Calibrated my pH meter this afternoon, got everything squared away there. And the numbers are much better.

pH 3.45 TA .55 brix 23

So should I let these ride or adjust with some tartaric acid?


----------



## Julie (May 5, 2016)

Your ph is within the correct range, you could let it ride and adjust acid after fermentation.


----------



## Boatboy24 (May 5, 2016)

I agree with Julie. Let it roll.

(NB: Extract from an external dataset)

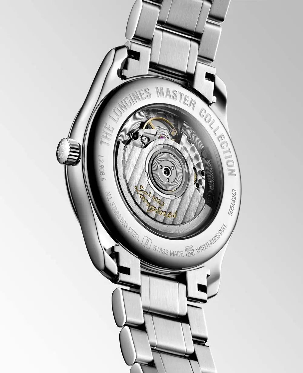 腕表搭载自动机芯 L602,确保精准走时并清晰显示剩余动力。具备 30 米 (3 ATM) 防水性能,搭配 精钢表链与三重安全折叠扣,完美展现 浪琴 Master 系列 的优雅气质。

Fermentation and MLF will change those numbers - adjust after those are finished (if necessary).


----------



## vacuumpumpman (May 5, 2016)

Mine is going to MLF on its own - very lucky !


----------



## pgentile (May 5, 2016)

Thanks for the input everyone. Made no changes. Pitched RC-212. Here we go.


----------



## Johnd (May 6, 2016)

pgentile said:


> Thanks for the input everyone. Made no changes. Pitched RC-212. Here we go.



Glad you retested with the ph meter, had you started making adjustments on your first readings, could've gone south quickly.


----------



## pgentile (May 6, 2016)

John, me as well. Too much time and effort to have false readings lead to wrong adjustments. Cap is up already and aroma very nice.


----------